Carbone thinks Segarra is brilliant and speaks five languages. Actually, Segarra speaks two languages fluently, English and Spanish. He knows enough of three languages to have basic conversations: Portuguese, Italian and German.

“I make an attempt to reach out to a lot of people without being deceitful about being a polyglot (a person that speaks many languages),” Segarra said.

Learning another person’s language and culture is a sign of respect. It’s also a means to break through barriers of communication. And it’s a transferable skill Segarra uses to forge relationships with players in all quarters.

Besides that skill, he has the experience of a social worker, a prosecutor, and one year as mayor to tackle city issues stemming from poverty, inequality and social injustice, he said.

Photo by: Marc Regis

Since June, he has formed several relationships, most notably his relationship with Malloy, corporate Hartford and other “big fish.” More importantly, he laid the groundwork for an impressive endorsement and an impending victory.

His first move was key.
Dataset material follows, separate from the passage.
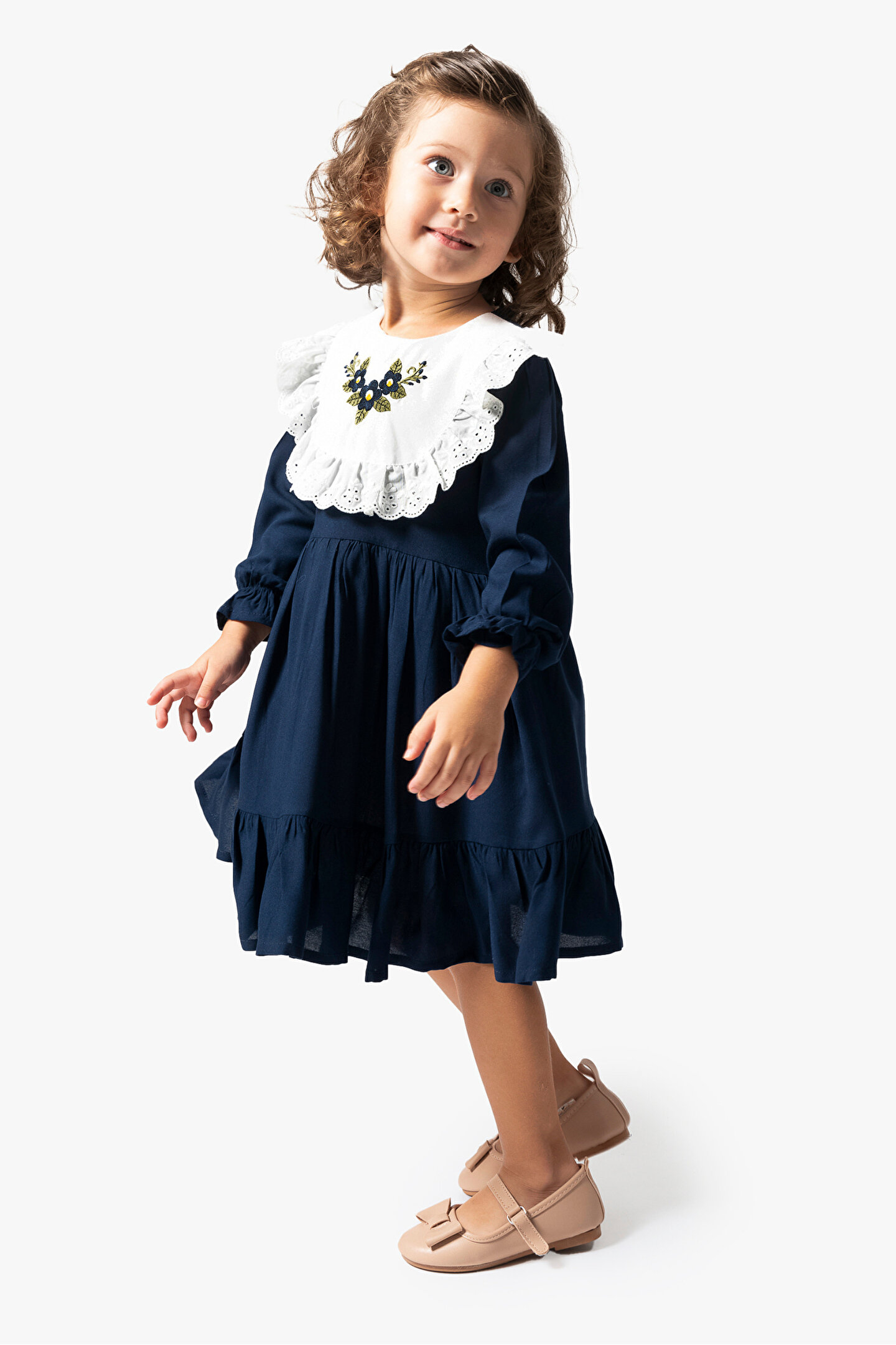 Mevsimlik Uzun Kollu Dantel Detaylı Kız Çocuk Elbisesi: Küçük prensesinizin yaz mevsiminde özel günlerde zarafetini ve şıklığını ön plana çıkaracak bu elbise, önünde bulunan fiyonk detayı ve dantel işlemeleriyle tasarlanmıştır.; Ayrıca etek kısmında bulunan yırtmaç detayı, hareket özgürlüğü sağlarken bebeğinizin zarif bir görünüm sergilemesini sağlar.; Özellikler: Dantel Detaylar: Elbisenin ön kısmında ve kollarda bulunan dantel detaylar, zarafet ve incelik katarken, küçük prensesinizin görünümünü daha etkileyici hale getirir.; Önünde Fiyonk Detayı: Elbisenin ön kısmında bulunan fiyonk detayı, sevimliliği ve şıklığı artırır.; Küçük prensesinizin görünümüne hoş bir dokunuş ekler.; Yırtmaç Detayı: Etek kısmında bulunan yırtmaç detayı, hareket özgürlüğü sağlarken, elbisenin tasarımına dinamizm katar.; Uzun Kollu Tasarım:Rahatlıkla giyilebilecek Uzun kollu tasarım, bebeğinizin serin kalmasını sağlar ve özgürce hareket etmesine olanak tanır.; Mevsimlik Kullanıma Uygun: Hafif yapısı ve nefes alabilen kumaşıyla yaz aylarında rahatlıkla giyilebilir.; Özel Günler İçin Uygun: Özel günlerde tercih edilebilecek şık tasarımıyla bebeğinizin her anında göz kamaştırmasını sağlar.; Bu yırtmaçlı, önü fiyonklu ve dantel detaylı Uzun kollu kız çocuk elbisesi, küçük prensesinizin serin ve şık kalmasını sağlarken, aynı zamanda özel günlerde de zarafetini tamamlar.; Zarif detaylarıyla bezenmiş bu elbise, bebeğinizin tarzını ve güzelliğini ön plana çıkarır.

He wrote an op-ed piece and placed it in the largest circulated paper in the state. Next, a profile in a suburban magazine portrayed him as a pleasant, openly gay mayor who would make the city safe for them.

Other moves included accepting invitations to almost every neighborhood and non-profit organization’s function, as well as hosting town hall meetings on various issues afflicting the city.

He was also selected for the governing board of the U.S. Conference of Mayors.

“That’s quite impressive for a rookie mayor,” Segarra said.

Those moves have impressed many supporters. But his opponents are still unimpressed.

“The endorsement is still limited,” Vargas said. “It’s the people who will decide who the next mayor will be.”

Stan McCauley’s Campaign Manager George Milner agreed.

“This is a bunch of bullshit,” Milner said after the Hartford convention Thursday. “Come September 13, the people will speak.”

McCauley seemed resigned with the process that elevated Segarra.

“I fully expected Pedro to get the nomination. This is the machine at work. These people are responsible for the way the city is,” McCauley said. “It is what it is. The machine is so corrupt and so incestuous.”

While his adversaries advance their political agendas for a primary, Segarra continues to quietly shore up his support among neighborhood leaders and agencies  to address “more pressing issues” in the city and within his political circle.

A majority of Hartford voters are not in tune with Segarra’s political circle, however. So the question the mayor will be ruminating on as Sept. 13 draws near is this: will these “more pressing issues” and “important relationships” impress voters enough to give him a mandate?